10dpo is the worst. It's still really too early to test, but not too early to think that maybe you could test. Yuck! Try to hang in there!
It sounds like the progesterone is a good idea for you - and I doubt it's going to hurt anything so why not? Good for you for taking a stand!
I have been so M.I.A. on the blog love lately. When I'm at this point in the 2ww, I feel like NOT talking about anything baby might help me. Does that make sense? As in, talking too much baby/preggo may jinx me. ;o)
I'm at ?dpo. The trigger shot seriously messes me up. So... if I had to guess... I'm 12dpo, but I'm not expecting AF until Saturday.
I think I've talked myself out of testing (hpt) this month. My doctor never asks for beta, and I truly don't think I can handle a negative test (but obviously, you can tell I'm already thinking in that direction). I'd rather AF let me know. Somehow that seems less painful, at the moment.
Your 10dpo is like my 12 dpo. Sucks so bad. Good luck!
10 DPO - 14 DPO is hell that gets a little bit more hellish each day as you approach beta. Then the last hours feel like days and it's one giant mind f*ck.
Hang in there!! I'm glad you got the supps, you'll have peace of mind if nothing else, but hoping it's a BFP.
I'm glad you got some answers. I hope the suppositories work for you!
I'm glad you asked for the supp's. Since progesterone is so important, it surprises me that some RE's don't seem to pay as much attention as I think it deserves! And I agree, 10dpo is the worst. Especially since my LP is usually 13/14 days anyway, so I don't even have the luxury of having a short LP where 10 is the max!! (But I know longer LP's are better- I'm just sayin'!!)

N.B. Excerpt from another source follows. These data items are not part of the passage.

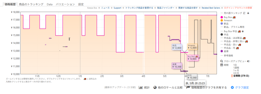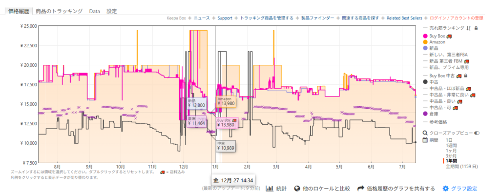 ・過去最安値13,800円から約1000円安い13,980円(21%off)
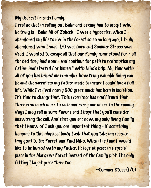 I/O is quiet on the boat ride back. When they reach the Black Forest she slips a letter to her closest companions (who she now considers family) coming clean that in her human form she was Sommer Stross, a member of the family who ruled Zobeck with an iron fist and enslaved the kobolds before the citizens rose up and took control of the city. I/O returns to the Margreve Forest and spends about a year with Niko honing her druid and new cleric powers. When she returns to the city she calls in her favor to Bahn to help her develop a false identity and history – one that will allow her to reestablish and maintain her connection with her humanity. She is only referred to as I/O now by her closest friends. I/O travels with Lucian and Alaric to the ghoul-infested areas of Krakova in the hopes of studying and curing darakhul fever for good.
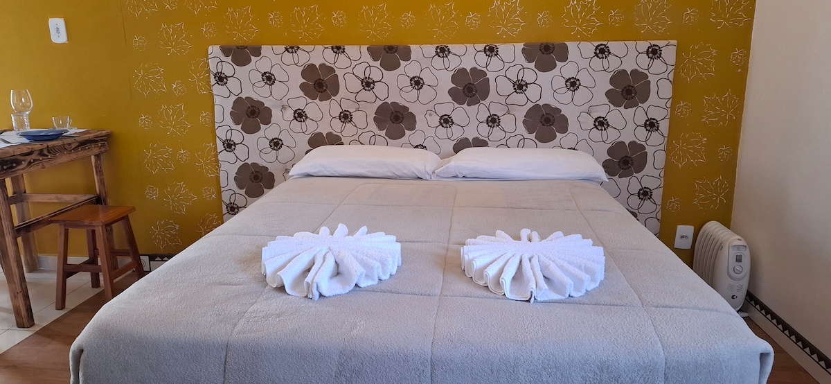 Appartement pour les couples à la recherche d'un espace confortable et chaleureux. Situé dans le centre commercial de Campos do Jordão, idéal pour la randonnée et un accès facile aux autres sites touristiques. Lit double confortable, douche chauffée et vue sur la montagne. La famille d'accueil prépare tout avec beaucoup de soin pour recevoir les invités. La suite est située sur un terrain partagé et l'accès se fait par un portail électronique et individuel avec clé. La famille est attentionnée et garantit l'intimité.
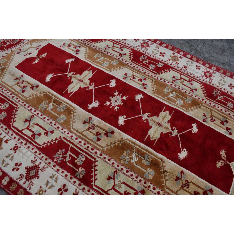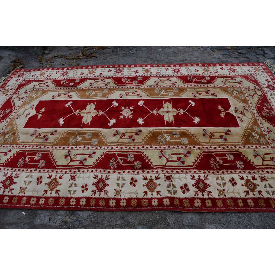 Classic Red Beige Wool Rug 6.5 X 10.8 ft Kilim Style Large Area Turkish Rectangle Rugs Latex Backing for Hallway 10mm Thickness
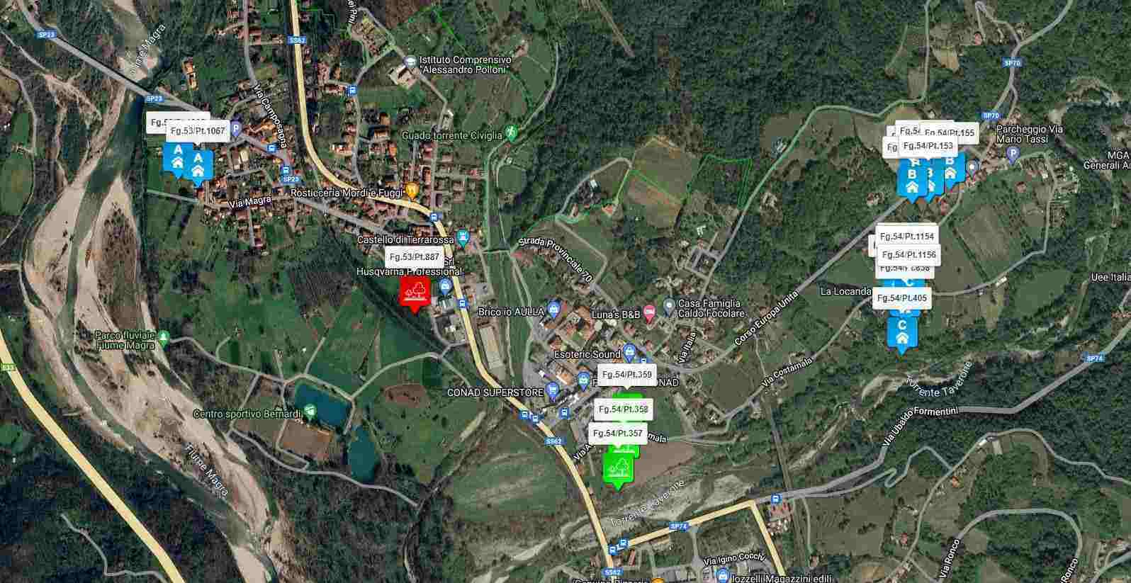 Piena ed intera proprietà per la quota di 1/1 di terreni agricoli siti nel Comune di Licciana Nardi (MS) della superficie catastale complessiva di mq. 14.086,00 identificato come lotti 1-2 perizia del 16.04.2024
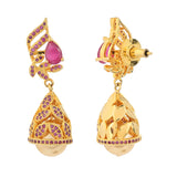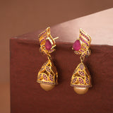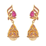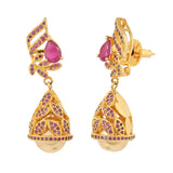 CZ Traditional Gold Plated Red Jhumka Earrings
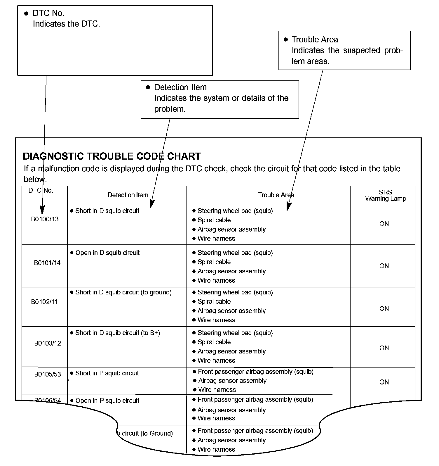 DIAGNOSTIC TROUBLE CODE CHARTUse Diagnostic Trouble Codes (DTCs) (from the DTC checks) in the table to determine the trouble area and proper inspection procedure. The Supplemental Restraint System (SRS) DTC chart is shown as an example.
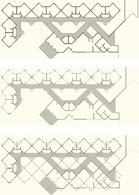 En el Centro Gerontológico, construido en 1987 en Curridabat, San José, Costa Rica, Beer experimentó con la geometría como herramienta. El proyecto impone una estructura geométrica base que reta la figura del sitio. La cuadrícula en esta ocasión se encuentra girada cuarenta y cinco grados con respecto a los linderos del lote. Al giro se le suma el recurso utilizado en la Hotelera Porto Bello: el desarrollo lineal. Nuevamente, el elemento que se repite son las habitaciones en dúplex (Figura 5). Sin embargo, contrario a lo que ocurría en los ejemplos anteriores, en esta ocasión la planta muestra claramente cómo la forma y la distribución de las habitaciones es resultado directo de un trazado geométrico integral. Las dimensiones domésticas no modifican el orden planteado. Podría afirmarse, incluso, que prácticamente cada detalle del Centro fue proyectado con apreciable congruencia geométrica, ya que no existen elementos fuera de la estructura de campo (Figura 6).
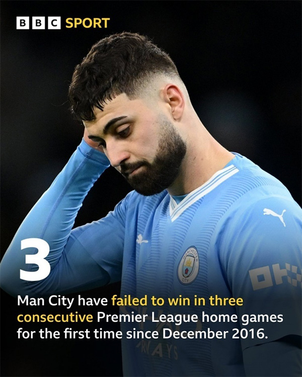 在本轮战平后,曼城最近6轮联赛仅仅取得了1胜4平1负,唯一击败的对手还是升班马卢顿。而且过去6轮,曼城场场丢球,上次在联赛零封已经要追溯到曼市德比3-0击败曼联的比赛中。更令曼城球迷失望的是,曼城目前已经主场3连平,上一次遭遇英超主场3轮不胜还是2016年年底。

Hang in there :) I can't believe this is our fourth injectible cycle and we're looking at ivf if it doesn't work. How the heck? I always thought making babies was so easy....
PS. Progesterone supp's delayed my cycle 48 hours (I stopped taking them on 16dpo and didn't start until 2 days later)...

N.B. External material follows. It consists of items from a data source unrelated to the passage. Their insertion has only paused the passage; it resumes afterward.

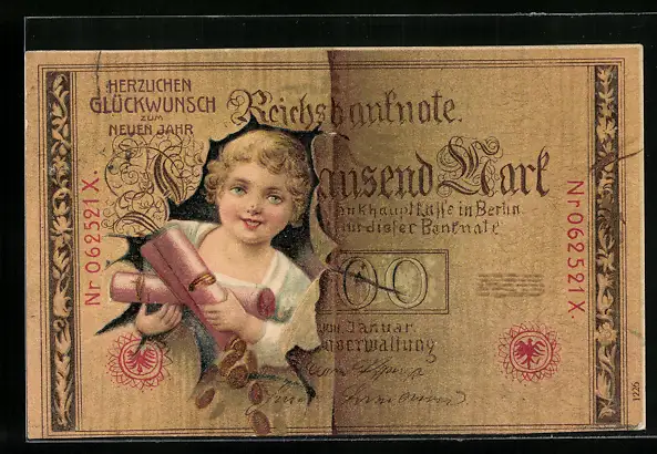 AK ein Kind mit Münzstangen schaut durch einen Tausend Mark-Schein
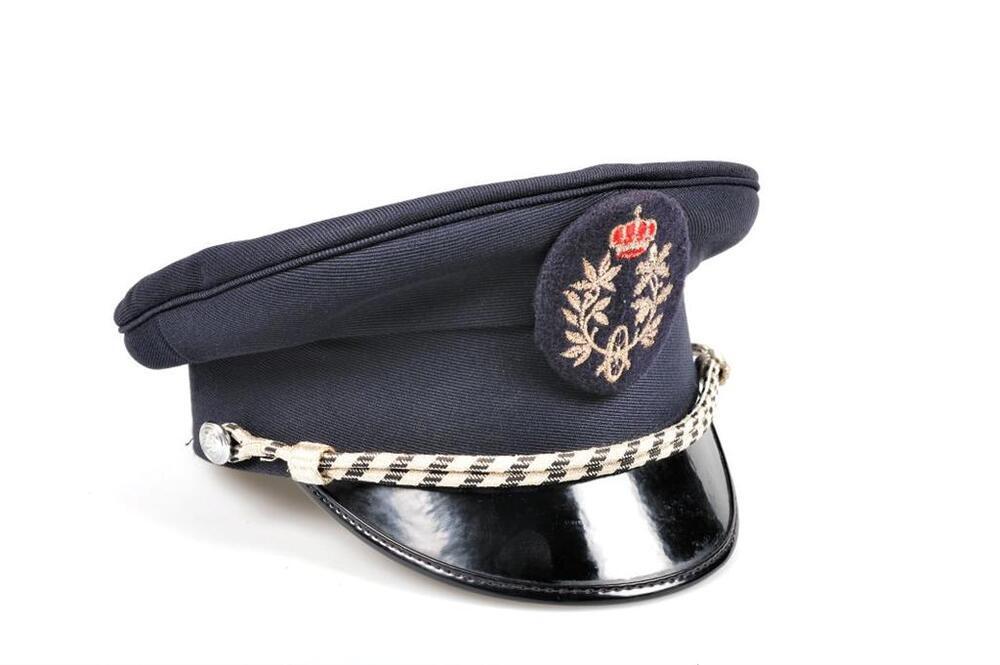 Donkerblauwe dienstpet met een zwarte klep in kunststof. Boven de klep is een dubbele koord in zilver en zwart, bevestigd met twee zilverkleurige knopen waarop een leeuw is afgebeeld. Vooraan is een geborduurd embleem bevestigd. De pet is verstevigd met een leren band en de voering is wit.
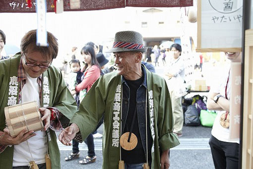 | そして当日。近年ない好天に恵まれた。各社の商品が運び込まれ、次々に陳列されていく・・。「なんか・・いいかも・・」単純にそう感じた。お揃いのはっぴを着て、準備は整った。太鼓の音が鳴り響き、人が寄ってくる。「これ、いいね」と、お客様が商品を手に取り、笑顔で「これ、ください」・・。そう、この声が聞きたかったのだ。作った商品が売れる。普段から売ってはいるが、それは小売店や代理店にであり、お客様と向き合って直接売ることは少ない。「これ、ください」。いい響きだ。素直に「ありがとうございます。」と声がでる。気づくと屋台屋全体に人だかり。全体として成功と木製品の需要を確信した瞬間だった。二日目には、売り方や見せ方も変わり、皆が進化していた。 | ||||||||||||||||
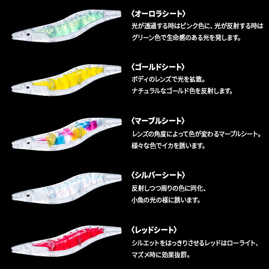 內層薄片,內層薄片的反射光透過鏡片變成生命感豐富的自然光線,引誘烏賊。
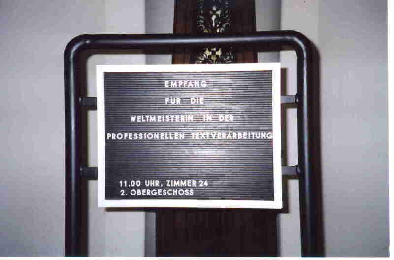 Seit wenigen Wochen haben wir nun in unserer Stadt eine neue Weltmeisterin, nämlich eine Weltmeisterin in der "Professionellen Textverarbeitung".
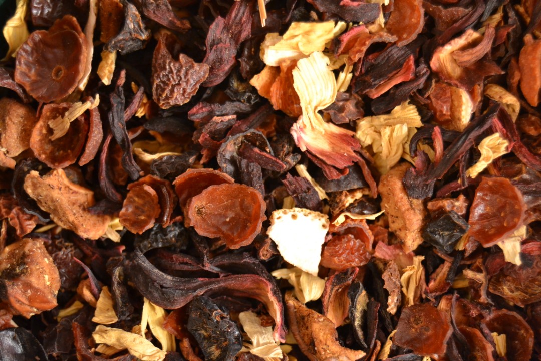 Infuso a base di rosa canina, karkadè, scorza d’arancio, mela, petali di girasole e aromi. Completamente privo di caffeina, con effetti diuretici e digestivi, dissetante in estate e corroboranti in inverno.

Keep going, Basic. You can do it. I know these last few days feel like hell, but you're almost there.
My doctor was really iffy on the progesterone supplements, too. She also said that she usually doesn't prescribe them until someone is KU, but was willing to if I thought it would help. Her feeling is that they help more psychologically than physically. Whatever...I figure if there are no side effects in taking them, they can't hurt and at least I know I am doing everything that I can. GL!
Thinking of you... this place is such a hard place to be. The supps did delay my cycle by 6 days../ and I did have a lot of side effects from them.
I wish you so much hope.. and i am cheering from the sidelines.
I'm glad you were persistent and got the suppositories. My RE had the same reaction...that anything over 10 is ok. But the extra progesterone can't hurt, so why not?! I'm right behind you on this 2ww...it's TORTURE.
I'm really hoping for you! I'm glad you got the suppositories also, good job for being persistent. =)
I know how much our minds can play games with us during the 2ww, I am... I definitely am not... but I am... but maybe not, its CRAZY.
I hope that you most certainly are and hope the progesterone supplements help you out, good luck!
My beta is on Friday too, and I am literally crawling out of my skin. I can't take it much more.
My progesterone was 18.3 (my lowest to date) and the told me to do the supplements. It can't hurt. I'm glad you called about it.